I remembered that we still had, one of the very first costumes we had ever made for Claire somewhere in the racks. I think it was the second costume we’d made for her, and for some reason we decided not to use it, and never finished it. We dug it up and found our solution. We could finish it without having to design and cut an entirely new gown.And it was actually quite perfect for a traveling costume, procured for Claire by the monks. A pretty gown, but nothing spectacular. It was completely believable that it would have belonged to someone else.
One of the things I loved best about this gown was the lovely embroidered stomacher we had made. It came from a piece of embroidered fabric we picked up shopping at the Portobello Market in London. It was also one of the first examples I had seen of metal plate embroidery, which a had completely fallen in love with, and we ultimately used on Claire’s wedding dress.
We didn’t even have an embroidery team at that point in the very beginning of Season One. But Liz Boulton had let me in on her skill as a historical embroidery. I asked if she could embroider a petticoat to match the piece of antique fabric, and we ended up with a very sweet gown. It was perfect for embarking on a new life in France.
Jamie was an entirely different matter. He had to be smuggled out of France after suffering through soul shattering torture at the hands of Black Jack Randall. He had been stripped bare of everything, literally, figuratively, and emotionally, and brought back from the brink by Claire and his own strong core and will to live, that we had seen many times.
He too was given clothes by the monks. We dressed him as a middle class merchant, trying to do everything possible to make him look unremarkable, a task as difficult to accomplish wth the very real Sam Heughan as it was with the fictional Jamie. We made a costume out of linen, and topped it with a tricorn hat. Very un- Jamie.
But they both passed.
There are two other costumes of note as we travel with our heroes into France.
*** Note: I have searched high and low for a pic of Jared. I am putting in the description anyway, because he is important.

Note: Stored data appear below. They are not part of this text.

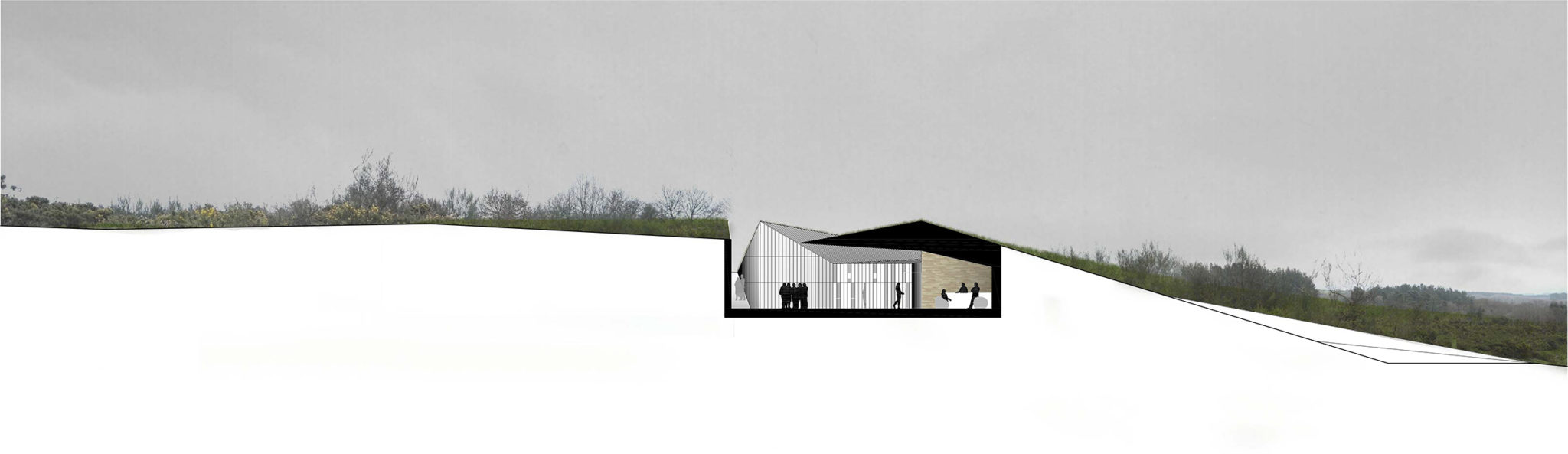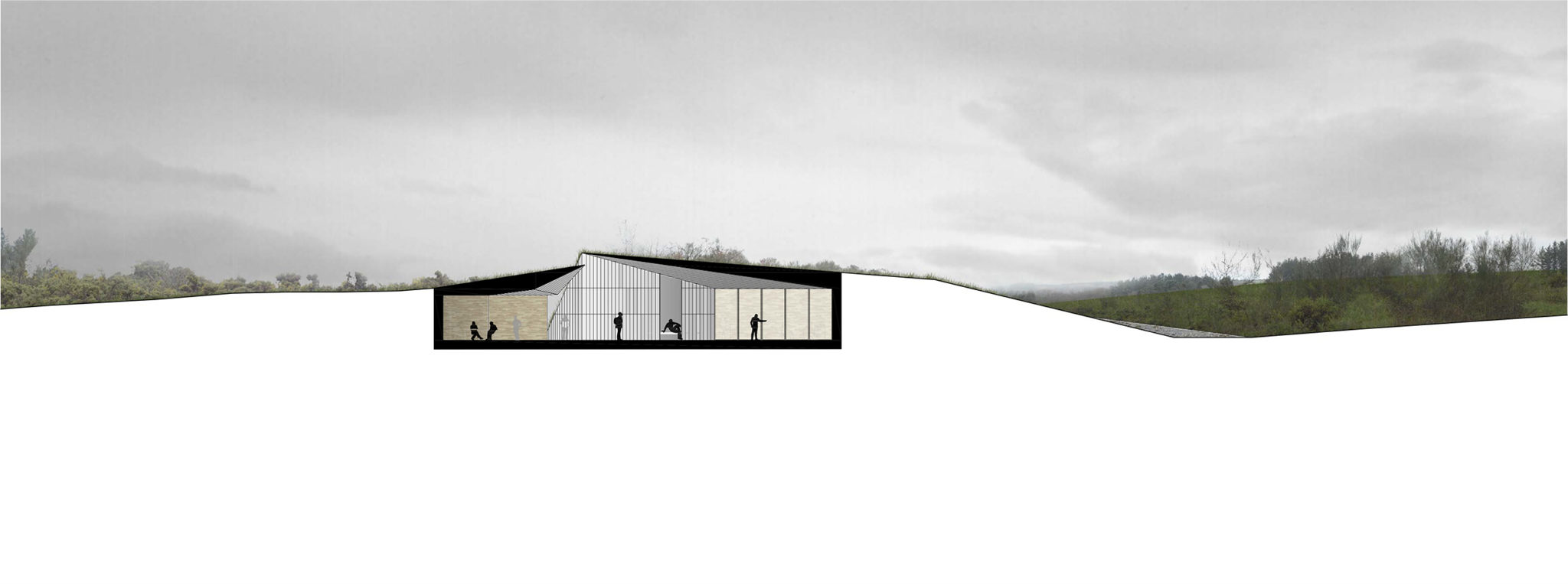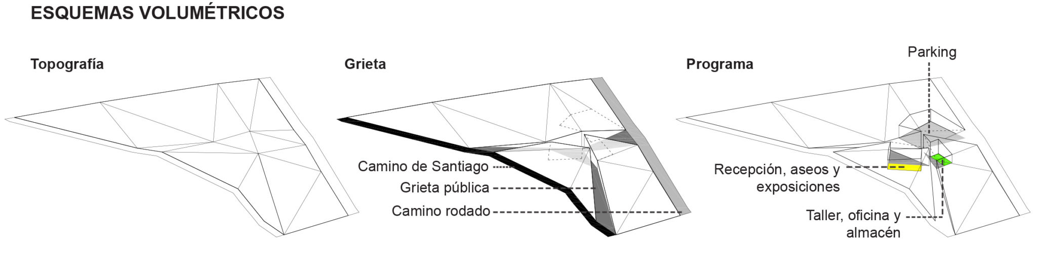 El proceso de formalización del proyecto incluye entonces tres pasos: una recreación volumétrica naturalizada, una grieta para las circulaciones y accesos y una perforación interior para contener el programa.
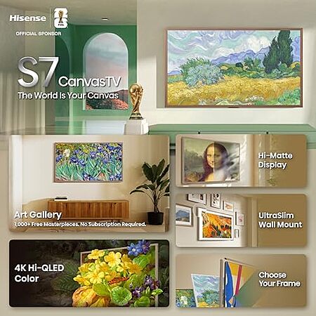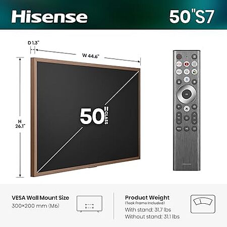 Model: Hisense - 50" Class S7 Canvas Series Smart Google TV 4K QLED Smart Google TV with Hi-Matte Display and UltraSlim Wall Mount (2026)
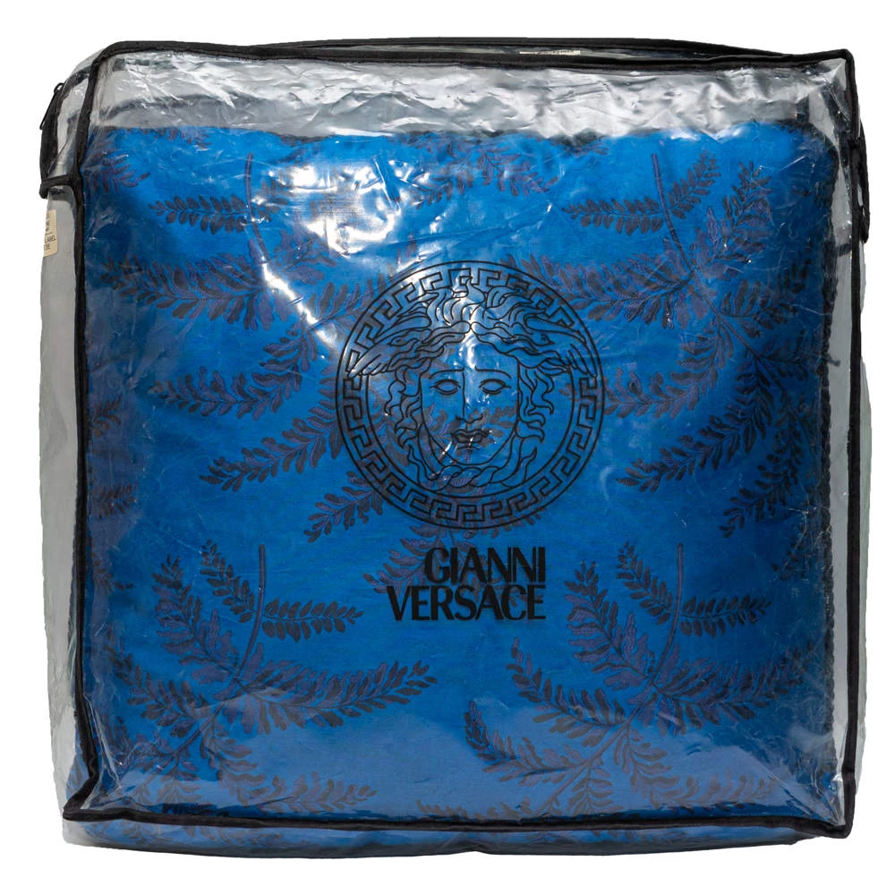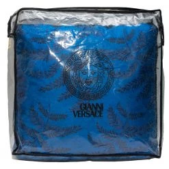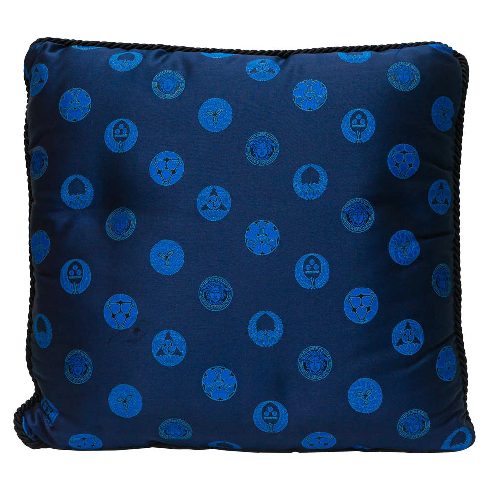 A soft, well-made cushion by Versace to add a luxe element to your home. The cushion in blue has a square shape and a spread of motifs all over.

I will try to find one ***
First we meet Jamie’s cousin Jared, a Scotsman living in France. A wealthy and successful wine merchant, Jared is solidly bourgeois, wearing silk as was common in France, but fairly plain and simple. We kept him in earth tones, as a nod to Scotland.
Jared was so important to us. He is the justification we desperately needed when it came to the costumes. Jamie and Claire needed to move in the very wealthy circles of the French Court. It would have been impossible without the appropriate wardrobe. Jared offers to bankroll them, making it possible for them to move into the inner circle, dressed in the most fashionable attire.
Our next character is very important on the journey. The Comte St. Germaine. He is the first representative of the French Aristocracy that we see. He is elegant and dangerous. I also wanted to dress him in colors we would have never used in Scotland. I put him in brown and pink after seeing a beautiful 18th century painting of a man wearing those colors. Rich, decadent and very sensual.
He was our first look at what was to come when Jamie and Claire finally arrived in Paris.
This was one of our first embroidered men’s costumes.